As my glasses were just about done I went through my code and profiled it, which means I added comments explaining the code so that both myself and others can understand it better and even use it for their projects in the future! (See full code below with comments.)
Challenges Throughout BlueStamp Engineering:
During my time at BSE, I encountered several significant challenges that tested my problem-solving skills and resilience. One of the major hurdles was dealing with incompatible libraries and packages while setting up my project. This required extensive research and trial-and-error to find compatible versions that worked seamlessly together. Additionally, I faced the daunting setback of my SD card becoming corrupted not once, but three times throughout the project. Each time, I had to start from scratch, reinstalling the operating system, libraries, and configurations, which was time-consuming and frustrating. Furthermore, ensuring that the software I downloaded was compatible with the specific version of the Raspberry Pi’s operating system added another layer of complexity to the project.

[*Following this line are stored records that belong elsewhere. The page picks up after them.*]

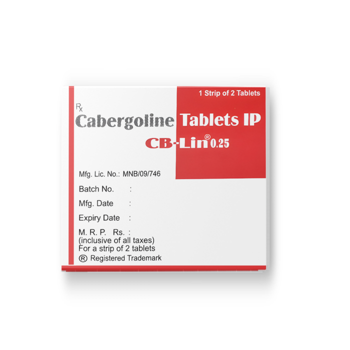 CB-Lin 0.25 tablet is a dopamine agonist manufactured by Serum Institute Of India Ltd. It contains Cabergoline (0.25mg) and is primarily prescribed for high prolactin levels (Hyperprolactinemia), which can lead to irregular menstrual cycles, infertility, and abnormal lactation. Lowering prolactin secretion in the brain helps restore hormonal balance and supports reproductive health.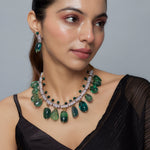 Elegant pearl and crystal necklace set with matching earrings. Features blue teardrop beads, pearl accents & intricate gold detailing. Perfect for parties or festive occasions. Lightweight and chic.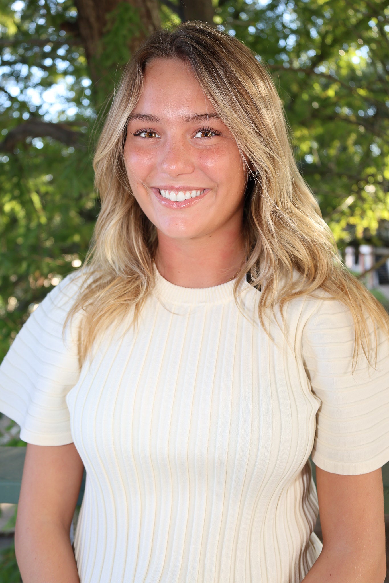 - Riley is 5'7" and wearing a size Small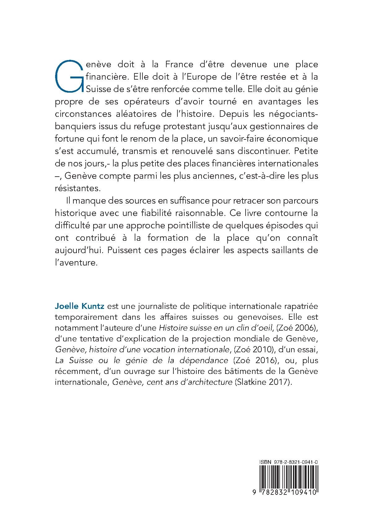 Genève doit à la France d’être devenue une place financière. Elle doit à l’Europe de l’être restée et à la Suisse de s’être renforcée comme telle. Elle doit au génie propre de ses opérateurs d’avoir tourné en avantages les circonstances aléatoires de l’histoire. Depuis les négociants-banquiers issus du refuge protestant jusqu’aux gestionnaires de fortune qui font le renom de la place, un savoir-faire économique s’est accumulé, transmis et renouvelé sans discontinuer. Petite de nos jours,- la plus petite des places financières internationales –, Genève compte parmi les plus anciennes, c’est-à-dire les plus résistantes.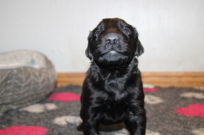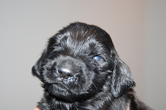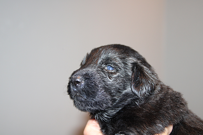 06.10.25.Nå begynner den neste spennende tiden her. Øyen sprekkene begynner å bli mer å mer markerte å de åpner øynene i løpet av få dager. I ngen har begynt å glippe noe med øynene enda men man ser å tydelig at det er hakket før nå. De ser jo ikke så mye de første dagene men det er så fantastisk når de begynner å glippe mot den store verden :-) I dag er det ny kontroll på veterinær klinikken. Men i dag lar vi valpene bli igjen hjemme. Jeanette hjelper til så e er i trygge hender :-) Blir ikke lange tiden borte. Her er gutt høyrebak og gutt venstre bak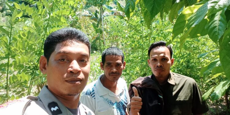 Bhabinkamtibmas Desa Saragian AIPDA Andi Zasli bersama Penyuluh Pertanian Lapangan (PPL) Desa Saragian, Bapak Maulid, mendatangi lokasi lahan jagung milik Kelompok Tani Dakko Pute.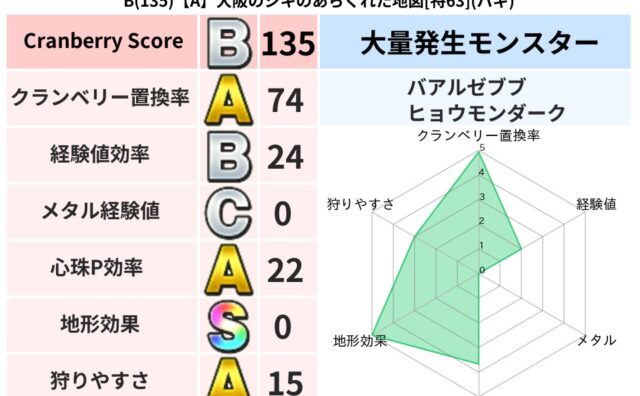 クランベリーボット判定結果の詳細クランベリースコア120クランベリー置換率68%大量発生モンスターヒョウモンダーク超耐性イオ(0%)こころ道 完全一致モンスターどくろあらいゴッドハンド(守護道Lv5)キースドラゴン大魔道士(理力道Lv5)ミ...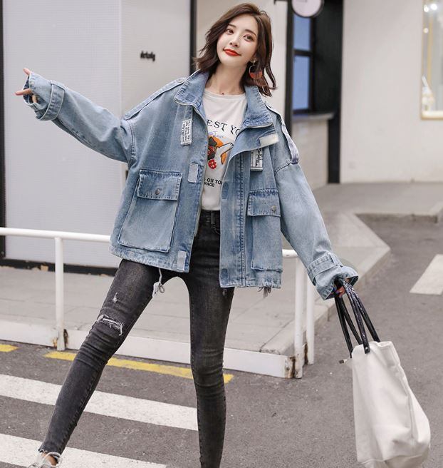 レディース デニムジャケット/ビッグサイズ スタンド衿 ドロップショルダー ジップブルゾン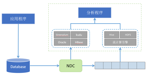 在NDC这样的系统出现后,架构师们有了更加明智的选择:通过NDC实现结构化数据的增量ETL。首先使ETL从小时级延迟降低到秒级,其次NDC的增量数据拉取对源端影响非常小。对直接支持数据更新的OLAP系统而言,可以直接通过NDC实现ETL,如Kudu、HBase。对于不支持数据更新的系统,如Hive,可以通过NDC的数据订阅功能将数据库增量数据发布到消息队列,再定时从消息队列中获取增量数据,并通过MR合并到存量数据,当然这里的定时要比原先定时全量的时间间隔小很多,比如每小时、每15分钟——通过这种方式实现准实时的ETL。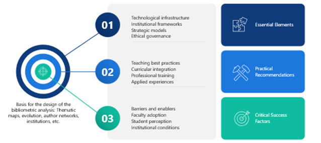 Together, these studies show that integrating AI into higher education requires ethical, strategic, and sustainable planning. Essential elements provide institutional foundations, practical recommendations guide action, and success factors explain outcomes. This review legitimizes the bibliometric approach of the study by clarifying key research areas, academic communities, and scientific production. Figure 1 visually summarizes the three subthemes explored.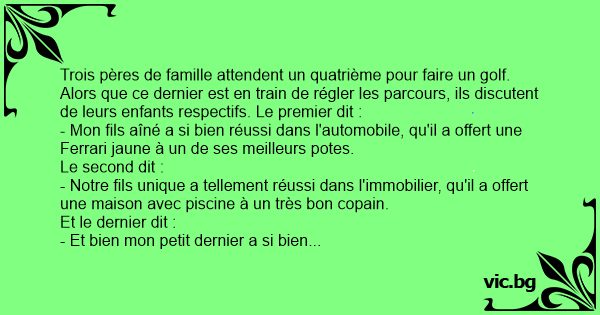 Trois pères de famille attendent un quatrième pour faire un golf. Alors que ce dernier est en train de régler les parcours, ils discutent de leurs enfants respectifs. Le premier dit :
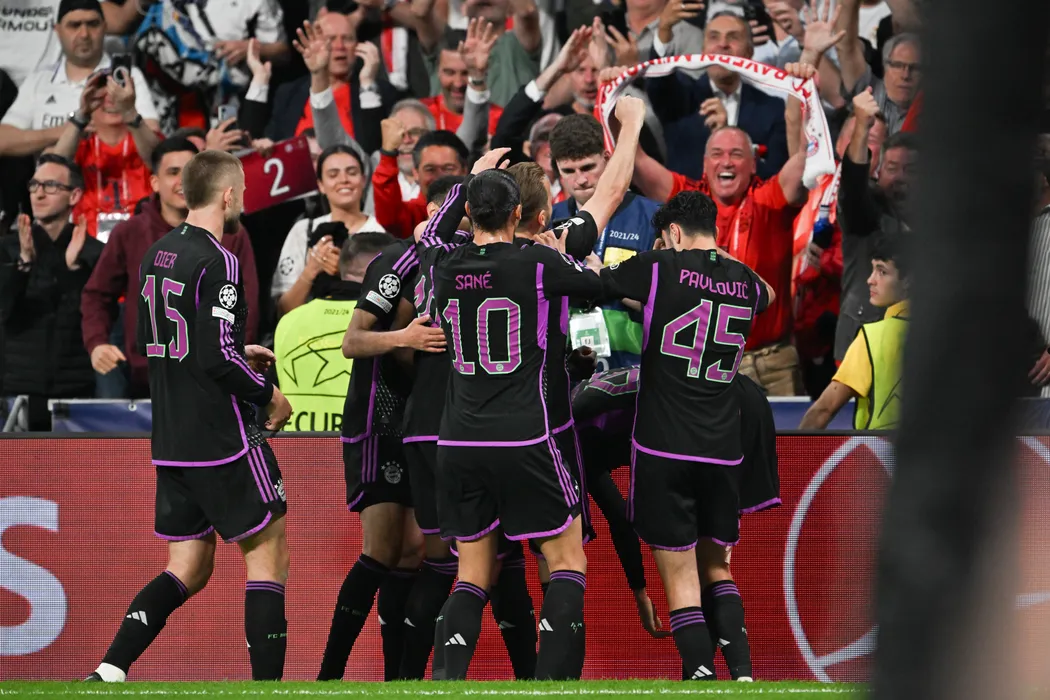 08 May 2024, Spain, Madrid: Munich's players celebrate after Alphonso Davies scored his side's first goal during the UEFA Champions League semi-final, second leg match between Real Madrid and Bayern Munich at the Santiago Bernabeu. Photo: Peter Kneffel/dpa
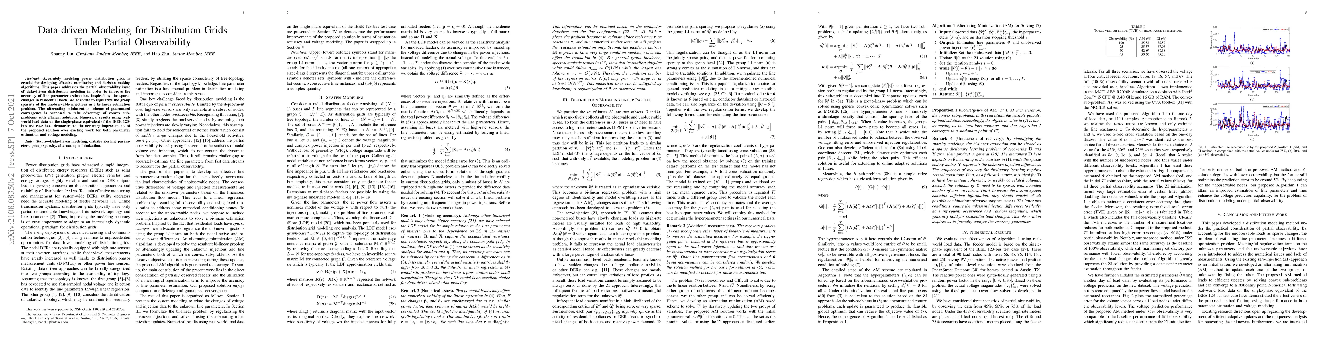 Accurately modeling power distribution grids is crucial for designing effective monitoring and decision making algorithms. This paper addresses the partial observability issue of data-driven distribution modeling in order to improve the accuracy of line parameter estimation. Inspired by the sparse changes in residential loads, we advocate to regularize the group sparsity of the unobservable injections in a bi-linear estimation problem. The alternating minimization scheme of guaranteed convergence is proposed to take advantage of convex subproblems with efficient solutions. Numerical results using real-world load data on the single-phase equivalent of the IEEE 123-bus test case have demonstrated the accuracy improvements of the proposed solution over existing work for both parameter estimation and voltage modeling.
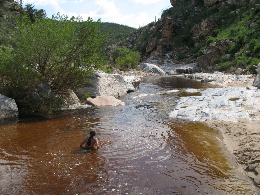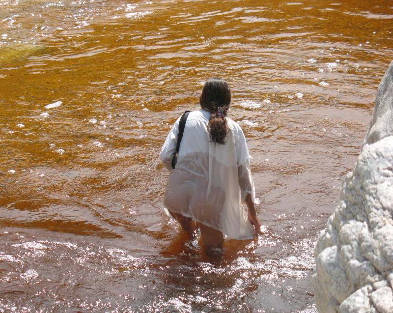 I get in the suds to cross over to the shade, planning to lay out on a rock, after a snack. I have pulled off my shoes to explore more naturally.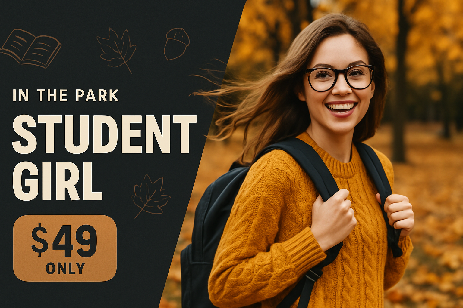 /Collection: /by davooda/Type: PNG/A vibrant advertisement showcasing a smiling student girl in glasses and a backpack, set against an autumn park background with warm colors and light textures. The layout features bold typography and a price tag, creating a modern, energetic look.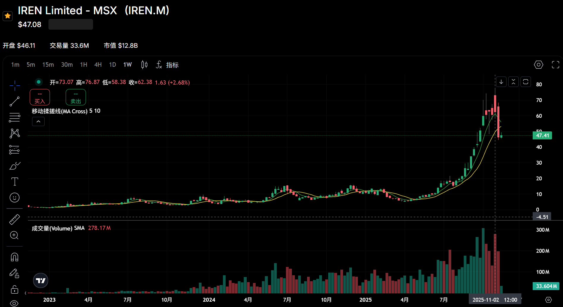 市场也早已对矿工股转型 AI 的估值逻辑切换作出反应,像矿企转型 AI 的标志性样本 Iris Energy(IREN),股价在年内从 6 美元左右一度摸至 76.87 美元,涨幅逾 1200%。

Triumphs Throughout BlueStamp Engineering:
Despite these challenges, the journey at BSE was filled with triumphs and valuable learning experiences. I successfully gained proficiency in utilizing a Raspberry Pi effectively, understanding its capabilities, limitations, and optimal configurations for various applications. Integrating software with hardware was a pivotal aspect of my learning, where I grasped how different components interact and collaborate to achieve desired functionalities. Learning Computer-Aided Design (CAD) was instrumental, as it enabled me to design and prototype components for 3D printing, enhancing the physical aspects of my project.
Moreover, a crucial takeaway from this experience was recognizing the importance of deeply understanding the software tools and libraries being employed. This comprehension not only facilitated smoother integration but also empowered me to troubleshoot effectively and innovate creatively when faced with challenges.
Each setback encountered during the project became an opportunity for growth and improvement. It taught me resilience and the ability to adapt my approach, leading to more refined solutions and a deeper understanding of the project’s intricacies.
What’s After BlueStamp Engineering:
Looking forward, I am eager to expand my knowledge and skills in several areas. Firstly, I am eager to delve into creating my own machine learning models, applying them to enhance the capabilities of my projects. Additionally, exploring mechanical components such as servos, ultrasonic sensors, and other actuators will broaden my understanding of physical computing and automation. Lastly, mastering the development of applications to control both software and hardware interfaces seamlessly is a goal that aligns with my aspiration to create more sophisticated and integrated systems in the future.
Second Milestone
For my second milestone, I implemented a text-to-speech model (TTS) into my project, which takes the classification and reads it out loud into an earpiece.
How I did this: I started by researching different text-to-speech models on the Internet. I landed on the pyttsx3 model, which is a pre-trained model that works well with the Raspberry Pi due to its straightforward Python interface, offline functionality, customizable speech parameters, and compatibility with Python 3.
Pip install pyttsx3
Import pyttsx3
Installing and importing pyttsx3
First, I installed the TTS model into my console so I could import it into my Python file, where my script is running to perform the object recognition.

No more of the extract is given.